Contributo interessante (anche l'articolo linkato di Dottori)!
Vorrei segnalare anche questo (più vecchio), che completa il quadro pur lasciando in sospeso il discorso sul ruolo di Israele.
Marta
 

Il circolo delle iene

La Santa Alleanza tra petromonarchie del Golfo e imperialisti europei e statunitensi ridisegna il Mediterraneo e aggiorna il progetto del Grande Medio Oriente.
In questo scorcio di secolo l’egemonia degli USA non è più scontata e le difficoltà del polo imperialista europeo accrescono il livello di competizione tra i poli imperialisti.  Questi elementi oggettivi, calati nel contesto della  crisi sistemica del capitalismo, non fanno altro che aumentare la tendenza alla guerra e alla rapina per le risorse economiche.  In questo contesto di competizione si sono affacciate  le petromonarchie e la Turchia, che in questa area, come dire, giocano in casa.

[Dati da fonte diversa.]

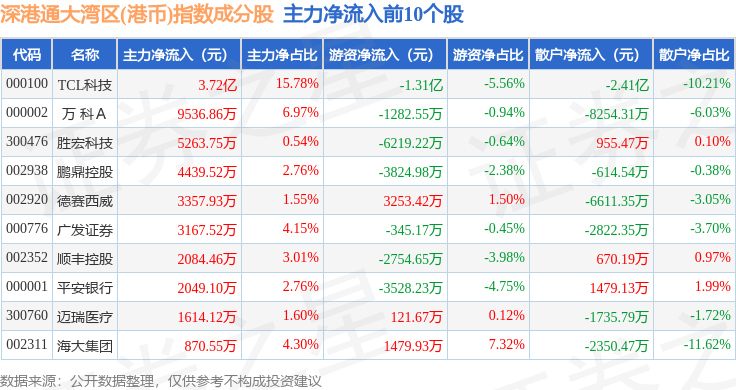 资金流向方面,深港通大湾区(港币)(983090)指数成份股当日主力资金净流出合计6.74亿元,游资资金净流出合计2.96亿元,散户资金净流入合计9.7亿元。成份股资金流向详情见下表: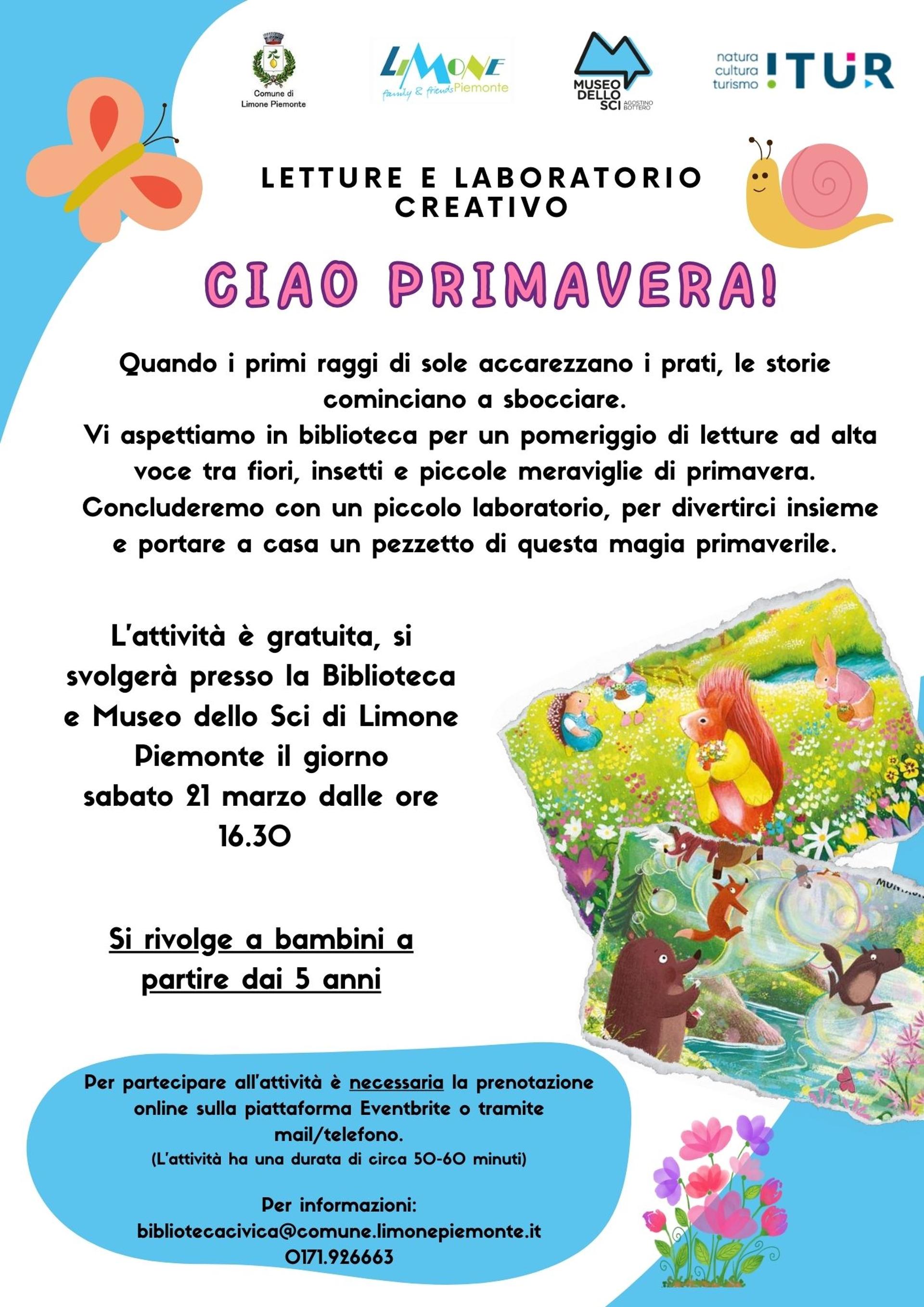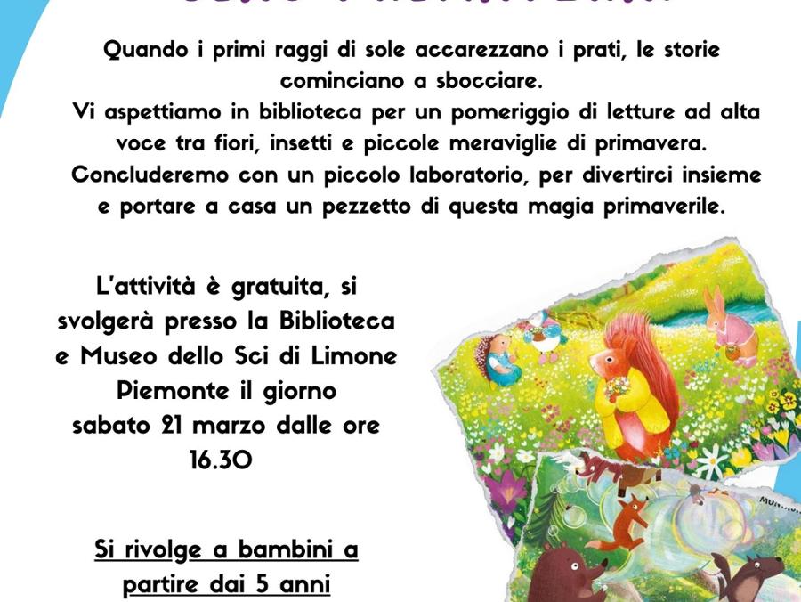 Sabato 21 marzo, alle 16.30 presso la biblioteca civica di Limone Piemonte, letture e laboratorio creativo a tema primaverile. L'attività si rivolge ai bambini a partire dai 5 anni, per partecipare è necessaria la prenotazione, gratuita, sulla piattaforma Eventbrite.

Nel caso dei paesi del Golfo, si tratta di un pezzo di borghesia con un peso sovranazionale con un surplus finanziario considerevole, che ha investito nella guerra alla Libia e per sedare le rivolte in Bahrein, di cui “legittimamente” pretenderà i dividendi economici e politici.
La  borghesia petrolifera e finanziaria della penisola arabica da tempo reclama un adeguamento nella gerarchia internazionale. E’ all’interno di questo settore di borghesia internazionale, in un costante equilibrio conflittuale con gli interessi imperialisti statunitensi ed europei, che nel recente passato si sono sviluppati settori qaedisti  e  forze “islamiche” che hanno dato vita a forme di conflitto non convenzionali. Sono proprio queste  opzioni jhadiste  e qaediste  ad essere “sacrificate”  per avviare una stagione di dialogo tra petromonarchie e NATO.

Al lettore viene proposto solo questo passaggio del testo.